* [Exercise description]
Any image in the records should be left out; output everything else exactly.

* [The data]
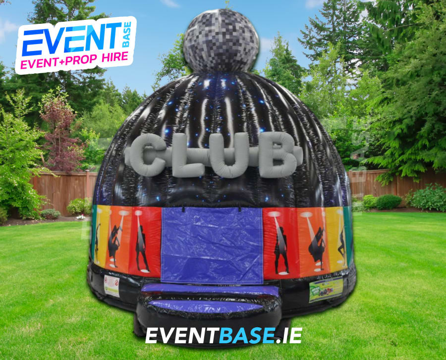 Description: Mega Multi-coloured Inflatable Dome with Bouncy Floor.... Why Hire a DJ when you can hire this? Neutral club theme with 3D Club sign over the entrance. This dome is easy to access for all ages as there are no squeeze doors like other domes. The dome is fitted with a Bluetooth enabled music system, meaning your guests can connect their phones to send music to the Bouncy Castle! How Cool! The dome is also fitted with a flashing lighting system, which is reflected off the gloss black interior, bouncing the light all around the dark chamber. The exterior is printed in an incredible disco theme and the high star lit roof is a sight which will be seen all around with a huge visual impact. The dome is also fully weather-proof, ideal all year around. Protect Yourself from the Irish weather hire one of these. Highly Recommended. Oh, and this is the only product of it's type with design rights exclusive to EventBase... it will not be found elsewhere!
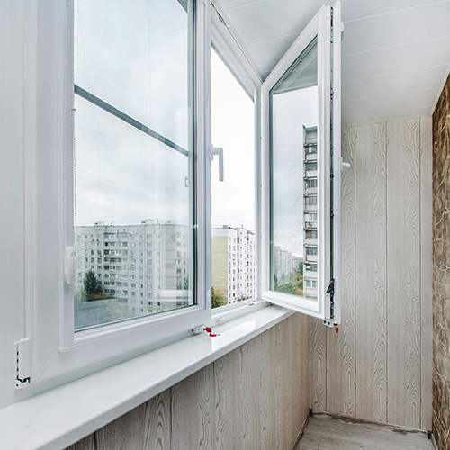 Створки двигаются по направляющим по принципу купе и всегда остаются в плоскости окна. За счет этого:
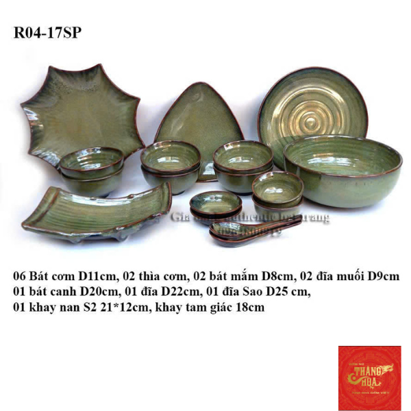 Bộ Đồ ăn Màu Hỏa Biến Xanh Bát Tràng
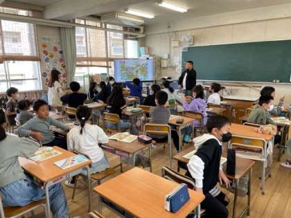 C-NETのネイティブの先生と一緒に外国語の学習をしました。アルファベットの形を手で作ってとなりの人とあてるゲームをしました。
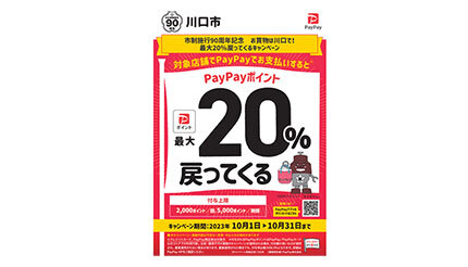 埼玉県川口市では10月31日まで、市内の対象店舗でPayPayを使って支払うと、最大20%のPayPayポイントが還元される「市制施行90周年記念 お買物は川口で! 最大20%戻ってくるキャンペーン」を開催中だ。
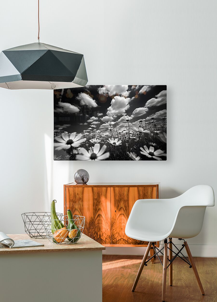 Whispers of the Sky captures a sweeping daisy field beneath a sky alive with movement. Billowing clouds and soft petals create a delicate balance between power and stillness, transforming a simple meadow into a moment suspended in time. The monochrome treatment emphasizes light and form, offering a timeless contrast perfect for modern or rustic interiors alike. Ideal for living rooms, hallways, or minimalist offices, this piece adds depth and calm to any space. Available on canvas for matte organic texture, HD metal for crisp tonal clarity, acrylic for modern gloss and depth, or framed fine-art paper for a refined finish. Printed with archival inks on premium materials. Curated by Savage Art Prints.
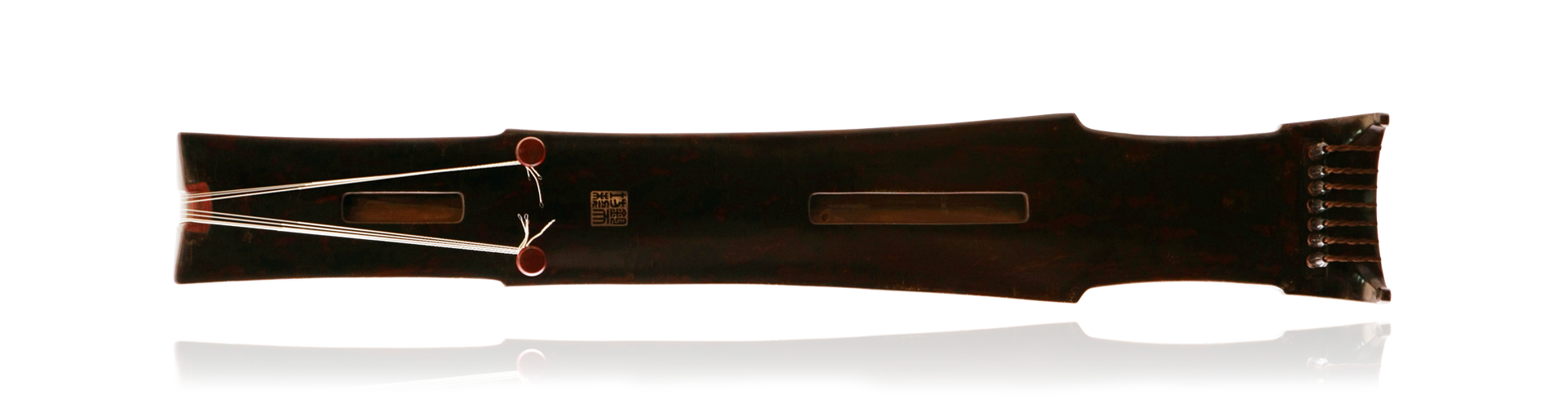 变体鹤鸣秋月,基本造型依仿“鹤鸣秋月”琴式,但在线条上做了更为简洁写意的处理。原式多为圆弧曲线流畅行走,而此处则将曲线一并改为直线,只在转折处施以微弧。自岳山以下为颈,延至琴肩则骤开,颇有大鹏式展翼之风采。琴腰自十徽始,直通焦尾,颇似仙鹤孑立之足,风姿飘逸。此琴音色自然清奇,抚之如临蓬莱幻境,唯见“海山无事,一鹤相从。”(二十四琴品之“清奇”。)
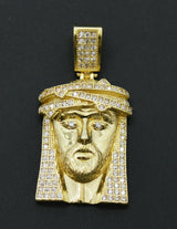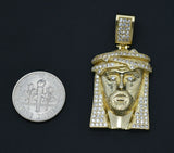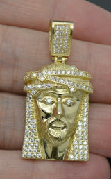 Real 10k Yellow Gold Cz 3D Jesus Head Pendant
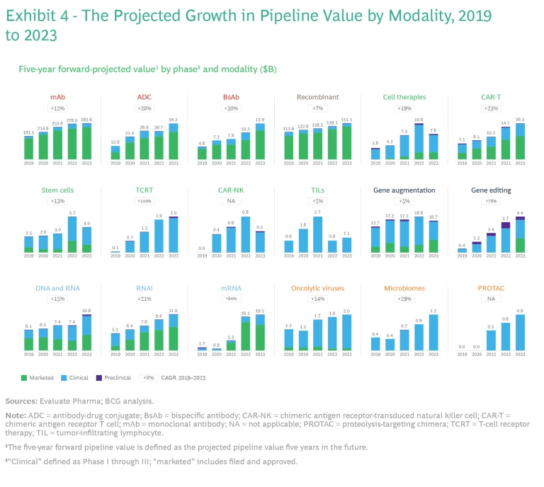 Some technologies that were leaders in 2019 have experienced slower growth in forecasted revenue. For example, gene therapy, the third-largest category in 2019 after mAbs and recombinants, has increased by only $3 billion and its projected value has now been surpassed by ADCs and mRNA.
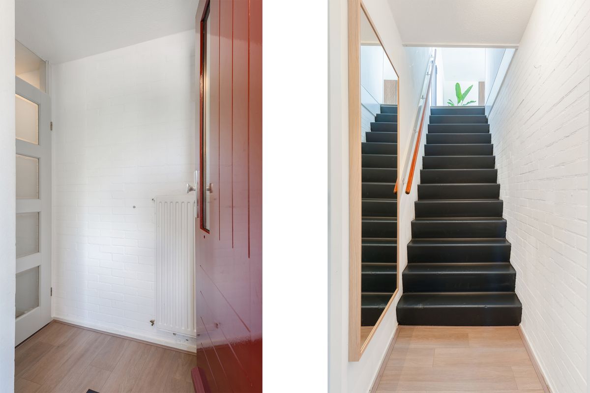 De entree van de woning bevindt zich op de eerste verdieping van het complex. Via een vaste trap kom je op de tweede verdieping.
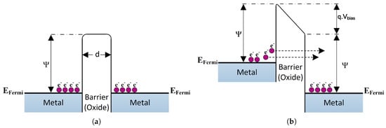 MOM diodes, also known as metal-insulator-metal (MIM) or metal-barrier-metal (MBM) diodes [], are implemented by simply sandwiching a thin oxide layer between two metals forming a potential barrier. For extremely high barrier and ultra-thin oxide barrier, conduction current arises due to the dominating quantum mechanical response and consequently non-linear I-V characteristics are observed. Figure 14a shows the potential barrier formed by the oxide layer as well as the biasing effect. Different configurations for the junction’s metals, either symmetric or asymmetric, have previously been studied. Some examples, found in the literature, of configurations that have been implemented include: Ni/NiO/W, Ni/NiO/Pt [], Ni/NiO/Ni [], Ni/NiO/Au, Cr/CrO/Au, Ni/NiO/Cu [], Cu/CuO/Cu [], , and . Although external bias is required to generate an electric field inside the barrier, in the case of asymmetric junction, a built in electric field will be generated due to the electrodes’ work function difference without any externally applied bias. In either case, as shown in Figure 14b, a trapezoidal shaped potential barrier between the electrodes will be formed promoting the electrons above the Fermi level in the raised electrode to have a higher probability of tunneling. As a result, there will be a net electron flow through the junction [].
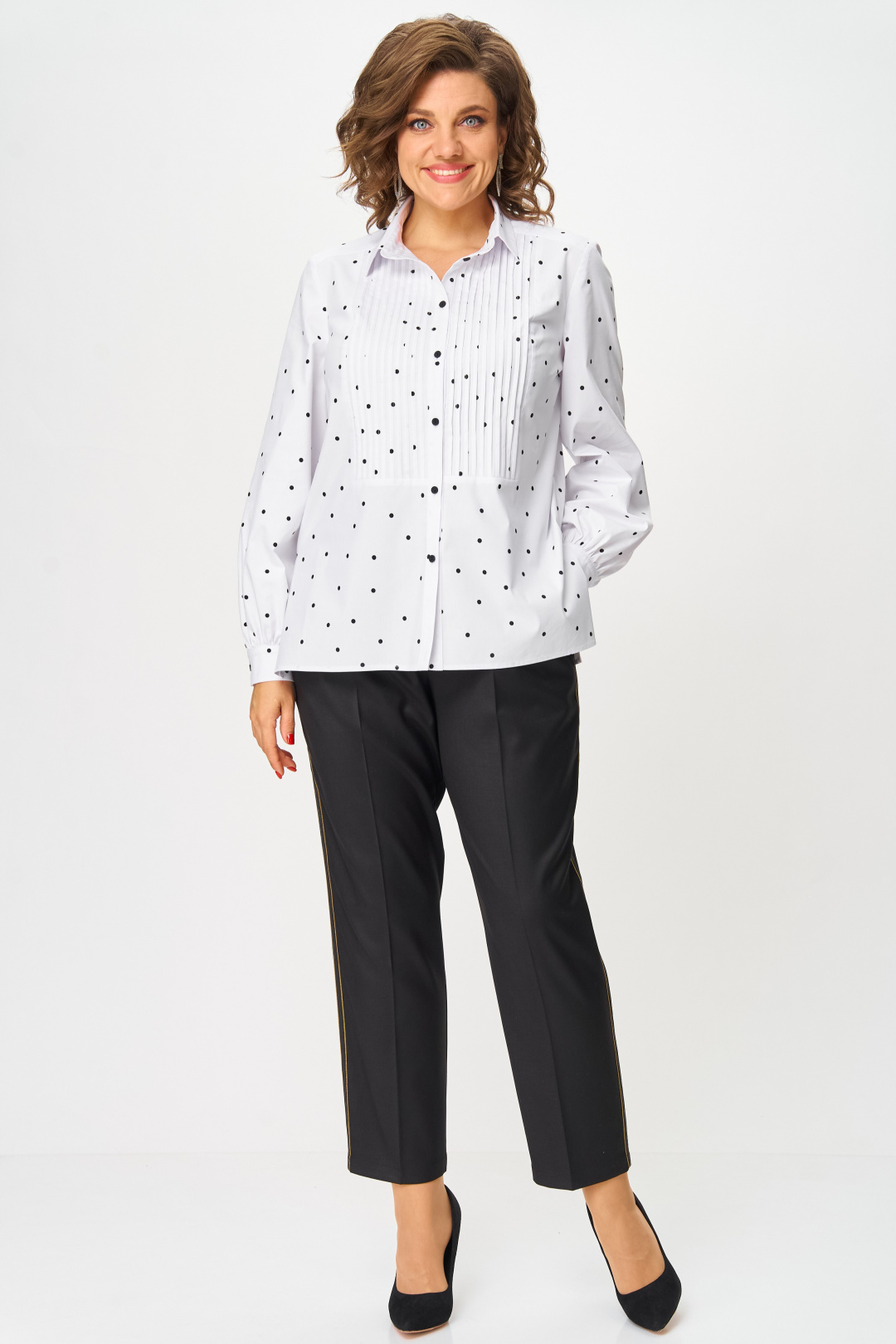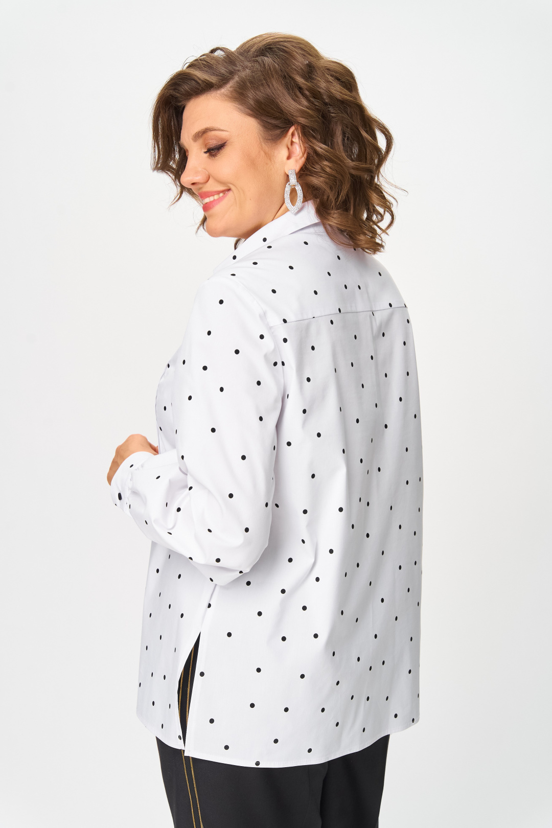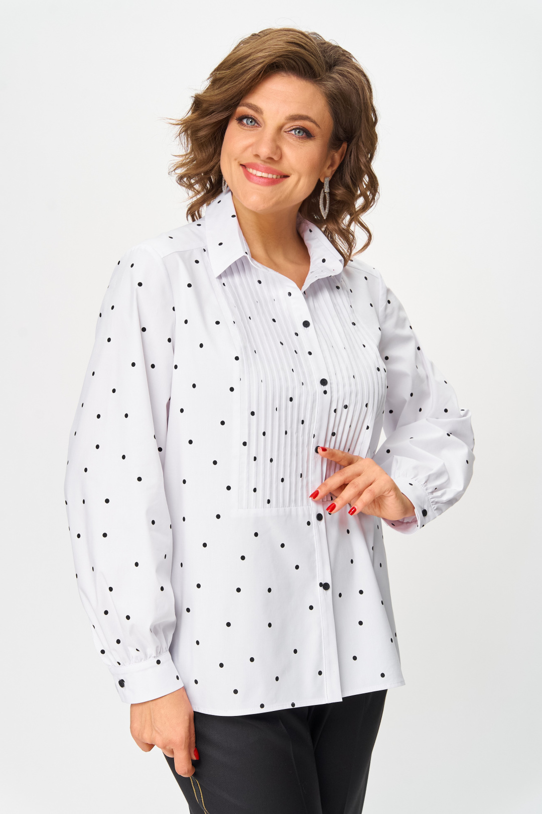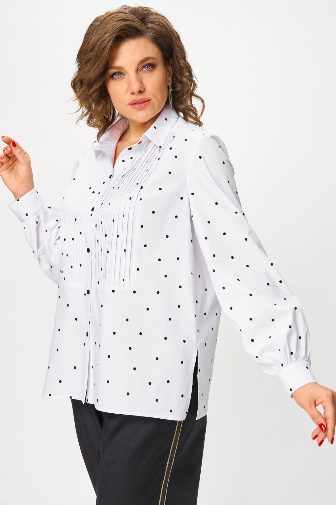 Классическая хлопковая блузка прямого силуэта станет любимой вещью в вашем гардеробе, она прекрасно сочетается как с брюками, так и с юбкой. Перед блузки со вставкой с вертикальными защипами, застежка центральная на петли и пуговицы, воротник на стойке. Спинка с кокеткой. Рукав втачной одношовный со сборкой по низу, на притачном манжете. Декоративный элемент, привлекающий внимание — это пуговица на стойке, она контрастного красного цвета.
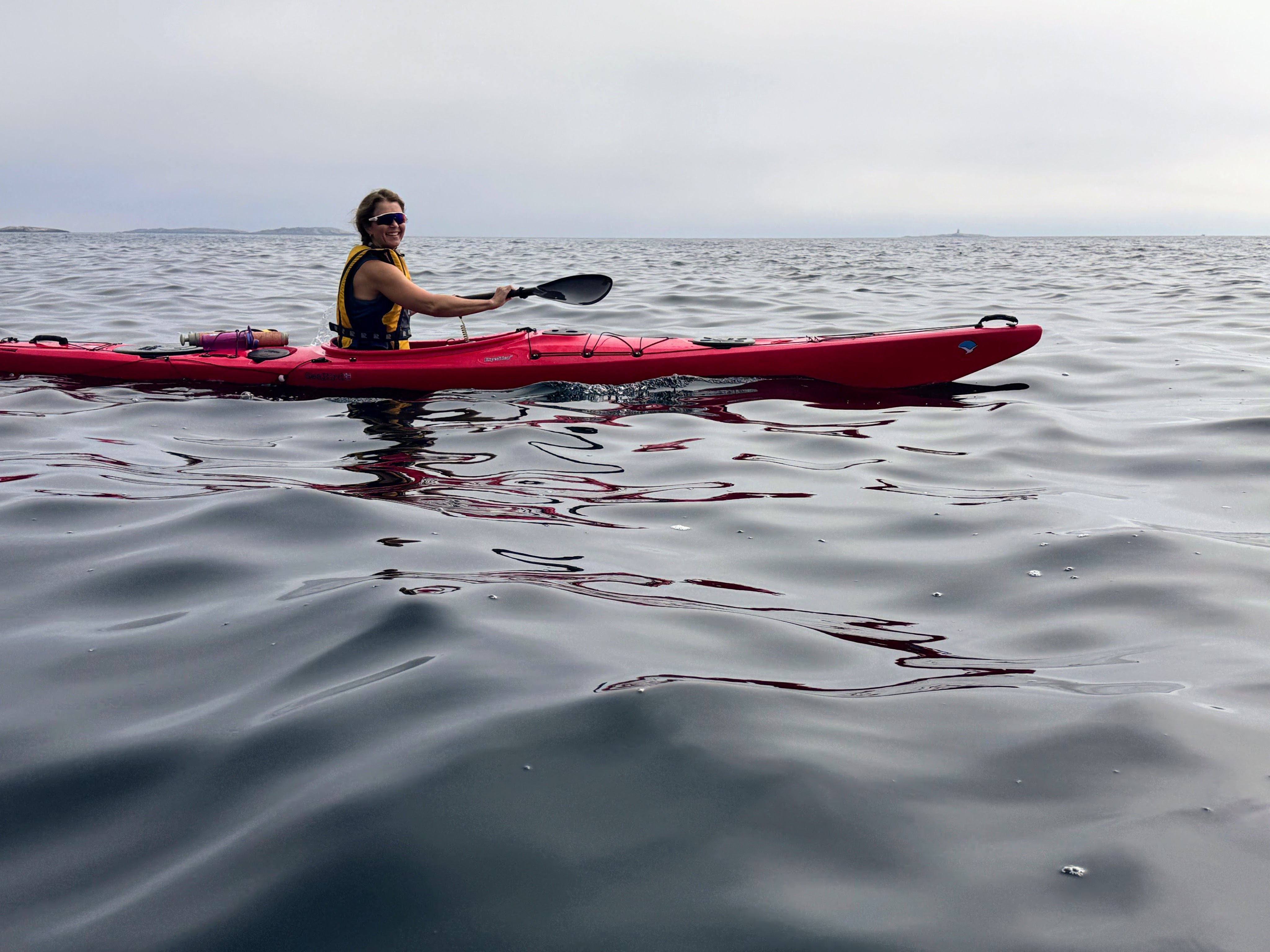 I god motvind, men med en ufattelig god evne til å lære nye ting, gikk padlingen nå som en lek. Vi kommuniserte, vi padlet i takt, det gikk fremover og også ganske mye rettere enn dagen før. Utrolig progresjon!

* [Output of the exercise]
 Description: Mega Multi-coloured Inflatable Dome with Bouncy Floor.... Why Hire a DJ when you can hire this? Neutral club theme with 3D Club sign over the entrance. This dome is easy to access for all ages as there are no squeeze doors like other domes. The dome is fitted with a Bluetooth enabled music system, meaning your guests can connect their phones to send music to the Bouncy Castle! How Cool! The dome is also fitted with a flashing lighting system, which is reflected off the gloss black interior, bouncing the light all around the dark chamber. The exterior is printed in an incredible disco theme and the high star lit roof is a sight which will be seen all around with a huge visual impact. The dome is also fully weather-proof, ideal all year around. Protect Yourself from the Irish weather hire one of these. Highly Recommended. Oh, and this is the only product of it's type with design rights exclusive to EventBase... it will not be found elsewhere!
 Створки двигаются по направляющим по принципу купе и всегда остаются в плоскости окна. За счет этого:
 Bộ Đồ ăn Màu Hỏa Biến Xanh Bát Tràng
 C-NETのネイティブの先生と一緒に外国語の学習をしました。アルファベットの形を手で作ってとなりの人とあてるゲームをしました。
 埼玉県川口市では10月31日まで、市内の対象店舗でPayPayを使って支払うと、最大20%のPayPayポイントが還元される「市制施行90周年記念 お買物は川口で! 最大20%戻ってくるキャンペーン」を開催中だ。
 Whispers of the Sky captures a sweeping daisy field beneath a sky alive with movement. Billowing clouds and soft petals create a delicate balance between power and stillness, transforming a simple meadow into a moment suspended in time. The monochrome treatment emphasizes light and form, offering a timeless contrast perfect for modern or rustic interiors alike. Ideal for living rooms, hallways, or minimalist offices, this piece adds depth and calm to any space. Available on canvas for matte organic texture, HD metal for crisp tonal clarity, acrylic for modern gloss and depth, or framed fine-art paper for a refined finish. Printed with archival inks on premium materials. Curated by Savage Art Prints.
 变体鹤鸣秋月,基本造型依仿“鹤鸣秋月”琴式,但在线条上做了更为简洁写意的处理。原式多为圆弧曲线流畅行走,而此处则将曲线一并改为直线,只在转折处施以微弧。自岳山以下为颈,延至琴肩则骤开,颇有大鹏式展翼之风采。琴腰自十徽始,直通焦尾,颇似仙鹤孑立之足,风姿飘逸。此琴音色自然清奇,抚之如临蓬莱幻境,唯见“海山无事,一鹤相从。”(二十四琴品之“清奇”。)
 Real 10k Yellow Gold Cz 3D Jesus Head Pendant
 Some technologies that were leaders in 2019 have experienced slower growth in forecasted revenue. For example, gene therapy, the third-largest category in 2019 after mAbs and recombinants, has increased by only $3 billion and its projected value has now been surpassed by ADCs and mRNA.
 De entree van de woning bevindt zich op de eerste verdieping van het complex. Via een vaste trap kom je op de tweede verdieping.
 MOM diodes, also known as metal-insulator-metal (MIM) or metal-barrier-metal (MBM) diodes [], are implemented by simply sandwiching a thin oxide layer between two metals forming a potential barrier. For extremely high barrier and ultra-thin oxide barrier, conduction current arises due to the dominating quantum mechanical response and consequently non-linear I-V characteristics are observed. Figure 14a shows the potential barrier formed by the oxide layer as well as the biasing effect. Different configurations for the junction’s metals, either symmetric or asymmetric, have previously been studied. Some examples, found in the literature, of configurations that have been implemented include: Ni/NiO/W, Ni/NiO/Pt [], Ni/NiO/Ni [], Ni/NiO/Au, Cr/CrO/Au, Ni/NiO/Cu [], Cu/CuO/Cu [], , and . Although external bias is required to generate an electric field inside the barrier, in the case of asymmetric junction, a built in electric field will be generated due to the electrodes’ work function difference without any externally applied bias. In either case, as shown in Figure 14b, a trapezoidal shaped potential barrier between the electrodes will be formed promoting the electrons above the Fermi level in the raised electrode to have a higher probability of tunneling. As a result, there will be a net electron flow through the junction [].
 Классическая хлопковая блузка прямого силуэта станет любимой вещью в вашем гардеробе, она прекрасно сочетается как с брюками, так и с юбкой. Перед блузки со вставкой с вертикальными защипами, застежка центральная на петли и пуговицы, воротник на стойке. Спинка с кокеткой. Рукав втачной одношовный со сборкой по низу, на притачном манжете. Декоративный элемент, привлекающий внимание — это пуговица на стойке, она контрастного красного цвета.
 I god motvind, men med en ufattelig god evne til å lære nye ting, gikk padlingen nå som en lek. Vi kommuniserte, vi padlet i takt, det gikk fremover og også ganske mye rettere enn dagen før. Utrolig progresjon!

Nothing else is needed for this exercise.